If your organization doesn’t already offer healthcare flexible spending accounts, year-end is the perfect time to start. And if your organization does offer employees this valuable benefit, now is the time to re-educate them.
Flexible spending accounts or arrangements (FSAs) are accounts offered and administered by employers that allow employees to set aside, out of their paycheck, pretax dollars to pay for qualified medical expenses. These can include insurance premiums, vision or dental care, or any other medical expenses not covered by the employer’s health plan. These accounts are allowed under Section 125 of the Internal Revenue Code and are also referred to as “cafeteria plans” or “125 plans.”
Typically, employees must use FSA funds within the given benefit year or lose the money. Flexible spending accounts can also be provided to cover childcare expenses, but those accounts must be established separately from medical FSAs.
Employers may contribute to these accounts as well as employees. Currently, healthcare FSAs have no statutory contribution limit, although some employers limit contributions, usually somewhere between $2,000 and $3,000. Beginning on January 1, 2013, however, contributions will be capped at $2,500 per year.

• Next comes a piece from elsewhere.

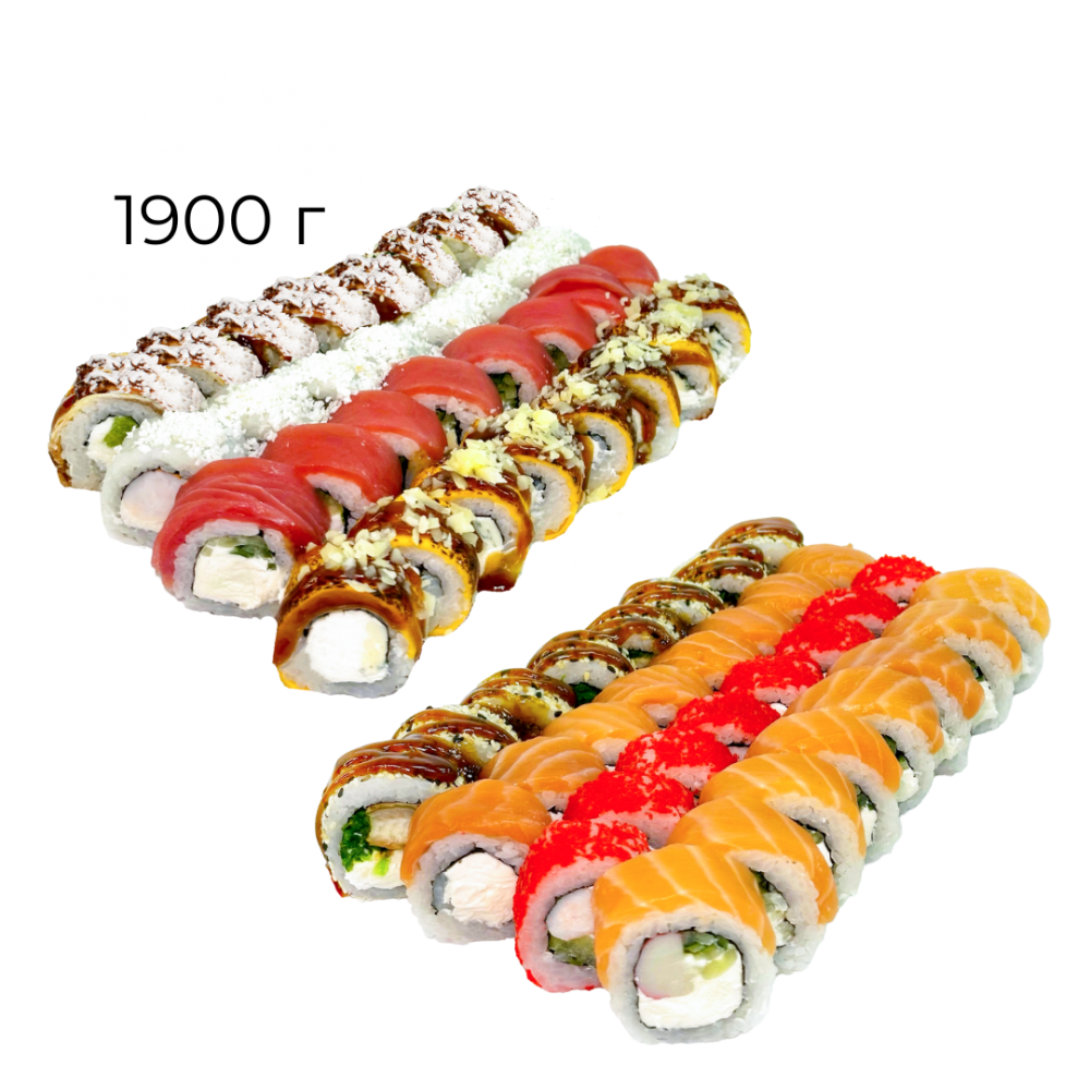 До акційного набору входить: Філадельфія з тунцем, Філадельфія сурімі, Філадельфія унагі ківі, Філадельфія з сиром, Рол чотири сира, Рол Рафаєло, Філадельфія з ікрою та креветками, Філадельфія з вугрем в кунжуті, васабі, соєвий соус, імбир.

- Reducing their taxable income can save your employees an average of 30 percent on eligible medical expenses paid out of the FSA. And your organization can save approximately 7 to 10 percent for every dollar your employees place in an FSA on reduced employer state and FICA taxes. For many employers, these savings exceed the costs of administering employees’ FSAs.
- Despite these advantages, the National Compensation Survey by the Bureau of Labor Statistics found only 17 percent of all workers had access to an FSA. And of the employees with access, only 20 percent participate, according to a recent study by Harris Interactive for Aflac.
- To get the most out of this low-cost benefit, you will need to invest time and energy in educating your employees. Some pointers:
- Educate your employees on the tax advantages of FSAs. Nearly everyone has out-of-pocket healthcare expenses. If you allow employees to deposit a maximum of $2,500 in an FSA, the tax savings translate into an average savings of approximately $750.
Encourage employees to make a deferral decision. Automatic re-enrollment makes sense for a lot of benefits, but with an FSA, the default election is zero. If your employees do not make a deferral election by the deadline, they will forfeit this benefit for an entire year.
- Remind employees that FSAs are a “use it or lose it” proposition. Participants lose any funds remaining after the spending deadline, so encourage them to elect their deferral carefully. Under previous law, participants had to spend their FSA funds by the end of the company’s benefit year, usually December 31. Any leftover account amounts were forfeited. In 2005, however, the Internal Revenue Service added a grace period, allowing plans to let participants to use their contributions to pay for healthcare expenses incurred as late as two and a half months after the end of the plan year. Employers do not have to allow a grace period, however.
- Send employees a reminder before year-end that they need to use their FSA balances. Provide a list of eligible expenses as a prompt. Suggestions for using FSA funds include scheduling routine preventive care appointments, such as vision and dental exams, stocking up on prescription drugs, getting flu and other vaccines, starting a smoking cessation program, and applying for reimbursement for mileage to eligible medical, dental and vision appointments.
- The IRS allowed 19 cents per mile driven for medical purposes from January 1 to June 30, 2011. From July 1 to December 31, mileage rates will be 23.5 cents per mile, due to higher gasoline costs.
- Remind employees that the Patient Protection Act changed the rules on using funds from an FSA or health reimbursement arrangement to pay for over-the-counter drugs. Employees can no longer use pre-tax dollars to pay for over-the-counter drugs, unless they have a doctor’s prescription for them.
Consider offering an FSA debit card. Without a debit card, employees must pay their healthcare expense out of pocket, fill out a form and wait for reimbursement. With a debit card linked to their flexible spending account, they can access funds immediately. Most vendors limit FSA debit card use to certified healthcare providers, such as pharmacies, clinics, etc. Even with a debit card, employees must keep their receipts to document that their expenses are FSA-eligible.